Abstract Link to heading

We run a very large AWS EKS cluster with lots of interesting challenges. This post is about a recent investigation into DNS resolution failures that we were able to root cause to an Elastic Network Interface (ENI) packets per second (PPS) limit and a further root cause of the combination of sudo defaults and ndots in our cluster DNS.

This post talks about the investigation process and the resolution.
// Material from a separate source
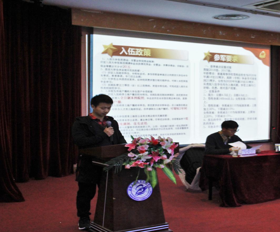 首先由商务与管理系征兵工作分站站长宋招科为我们介绍入伍政策和参军要求并就春季重点征集对象和征集条件进行讲解。

The Initial Bug Report Link to heading

The initial report came from a report of CI flakes. The flakes originated inside tensorstore and had an error of:

./tensorstore/util/result.h:420: Status not ok: status(): UNAVAILABLE: 
CURL error Could not resolve hostname: Could not resolve host: 
company-bucket.s3.amazonaws.com 

The flakes happened across multiple instances and were not consistent. The curl source code for CURLE_COULDNT_RESOLVE_HOST was pretty generic, so I needed to dig deeper into the actual DNS resolution logs.

I went to the CoreDNS pod logs to see if there was a clue there:

kubectl logs -n kube-system deployment/coredns --tail=1000 | grep -i error

And found this error:

[ERROR] plugin/errors: 2 company-bucket.s3.amazonaws.com. A: read udp 10.1.2.3:44211->10.0.0.2:53: i/o timeout

The first IP address 10.1.2.3 is the CoreDNS pod trying to resolve a DNS request and the second IP address 10.0.0.2 is the Route 53 resolver for the VPC. From the AWS docs here.

An Amazon VPC connects to a Route 53 Resolver at a VPC+2 IP address. This VPC+2 address connects to a Route 53 Resolver within an Availability Zone.

Another set of interesting logs I found were like this:

[ERROR] plugin/errors: 2 ip-10-8-1-3.us-east-2.compute.internal. AAAA:  read udp 10.11.39.79:44211->10.10.0.2:53: i/o timeout

The majority of my failing lookups were for resolving internal hostnames. Also of interest were that these were AAAA (IPv6) queries when I usually only need IPv4 answers, so my traffic was growing 2x (resolving both).

AWS support case Link to heading

At this point, I pointed all the logs and information I had into claude and used it to help open an AWS support case with all the details AWS would need to help investigate. The AWS support UI is not very user friendly, and it can be difficult to aggregate all the information needed: if I don’t give the right information then AWS won’t have what they need to help diagnose the issue.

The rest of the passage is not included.